At a brief hearing in Brooklyn federal court, RTX’s lawyers waived their right to an indictment and pleaded not guilty to charges that the company violated the anti-corruption provisions of the Trade Practices Act. foreign corruption and the arms export control law. They did not object to any of the allegations contained in court documents filed in conjunction with the agreement.

RTX said in a statement that it “takes responsibility for the misconduct that occurred” and that it is “committed to maintaining a world-class compliance program, following global laws, regulations and internal policies, while respecting integrity and serving our customers ethically.”

A message seeking comment was left at the Qatari embassy in Washington.

RTX said in a July regulatory filing that it had set aside $1.24 billion to resolve outstanding legal and regulatory matters. The company’s president and CEO, Christopher Calio, told investors that the investigations largely concern issues that predate the Raytheon-United Technologies merger that formed the current company in 2020.

“These questions arise primarily from the legacy of Raytheon Co. and Rockwell Collins prior to the merger and acquisition of those companies,” Calio said. “We have already taken robust corrective actions to address the existing deficiencies that led to these issues. »

According to court documents, Raytheon employees and agents offered and paid bribes to a senior Qatari military official to gain an advantage in securing lucrative business deals with the Qatari military. Qatar UAE Air Force and Qatar Armed Forces.

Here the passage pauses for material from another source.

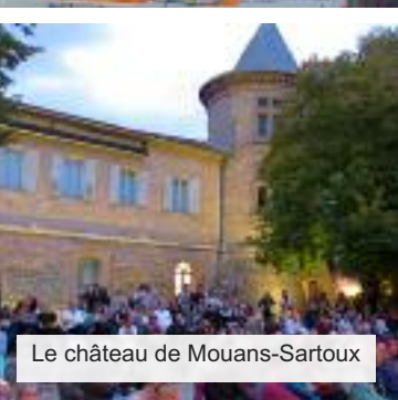
Le château de Mouans-Sartoux

The company then managed to secure four additions to an existing contract with the Gulf Cooperation Council – a regional union comprising Bahrain, Kuwait, Oman, Qatar, Saudi Arabia and the United Arab Emirates – and a contract to sole source of $510 million to build a joint complex. – an operations center for the Qatari army, according to court documents.

Raytheon made about $36.7 million in profit from additions to the Gulf Cooperation Council contract and expected to earn more than $72 million on the joint operations center, but the Qatari government ultimately did not followed through on the deal, prosecutors said.

In the price inflation case, Raytheon allegedly lied to the government about the costs it would incur for building three Patriot missile firing units – also known as missile batteries – leading to the US Army to accept a $619 million contract.

In a 2013 email cited in court documents, a Raytheon employee told a Pentagon official that the company’s expected costs had increased when, prosecutors said, they had actually decreased. Prosecutors said the government overpaid about $100 million for the weapons.

Raytheon was also accused of misleading the US Air Force in 2017 about the costs associated with operating and maintaining a radar surveillance system, including by arguing that it had to offer employees compensation lucrative to maintain an adequate workforce.

In reality, prosecutors wrote in court documents, the company was “secretly preparing to reduce salaries” of employees at the site “in order to improve the company’s profitability.”

The contract was fraudulently inflated by $11 million, prosecutors said.

The sanctions imposed on Wednesday are just the latest legal consequences of RTX’s business dealings.

In August, the company agreed to pay $200 million to the State Department after voluntarily disclosing more than two dozen alleged violations of the Arms Export Control Act and International Arms Trafficking Regulations .

Among the allegations were that the company provided classified data on military aircraft to China and that employees took company-issued laptops containing information on missiles and aircraft to Iran, Lebanon and Russia.